In the paired t-test on the twists of the two compact spinning systems, the P-value was 0.000 (< 0.05). Therefore, the yarn twists of the lateral compact spinning with pneumatic grooves were significantly different from those of the intermediate compact spinning with pneumatic grooves.

Fig. 8 shows yarn forms of the two different spinning methods. The quality of the yarn made from the lateral compact spinning with pneumatic grooves is better than that from the intermediate compact spinning. The yarn in Fig. 8a appears to be less hairy and tighter due to additional twists than the yarn in Fig. 8b. Therefore, the lateral compact spinning yarns possess better shape and mechanical performance.

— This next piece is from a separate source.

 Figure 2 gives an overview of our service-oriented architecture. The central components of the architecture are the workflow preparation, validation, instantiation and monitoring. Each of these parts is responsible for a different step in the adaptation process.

Figure 8: Yarn of two spinning systems: (a): yarn of lateral entry compact spinning with pneumatic grooves; (b): yarn of intermediate compact spinning with pneumatic grooves

4  Conclusions

This paper provided a theoretical method for modeling the dynamic motion that simulates fibers driven by mechanical forces in the lateral compact spinning. In the study, we established a fiber FE model to simulate the large deformation process of the elastic thin rod element, and deduced the dynamic equilibrium equation of the spatial elastic thin rod unit in the model. We numerically obtained the movements of fibers under agglomeration and visually displayed additional twists generated in the lateral compact spinning with pneumatic grooves. The experiments demonstrated that the lateral compact spinning could produce smoother and tighter yarns that the intermediate compact spinning due to additional twists. Thus, the fiber FE model may be used to solve the large deformation problem of fiber motion in the three-dimensional space.

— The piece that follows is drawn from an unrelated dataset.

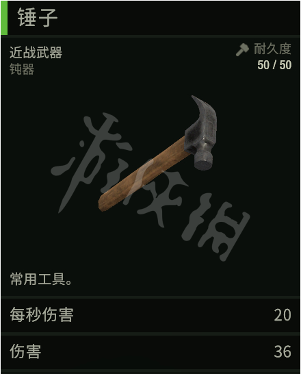 然後是戰錘,戰錘是製造工作台合成武器,合成路徑是磚塊+近戰零件。相比巨錘,戰錘耐久更高,也更重,但傷害也更低,而且同樣是合成,下一個武器鮮血使者傷害更高,因此戰錘實在沒有太大的合成必要。

Funding Statement: This work is supported in part by China Scholarship Council and National Key R&D Program of China (Grant No. 2017YFB0309100).

Conflicts of Interest: The authors declare that they have no conflicts of interest to report regarding the present study.

This work is licensed under a Creative Commons Attribution 4.0 International License, which permits unrestricted use, distribution, and reproduction in any medium, provided the original work is properly cited.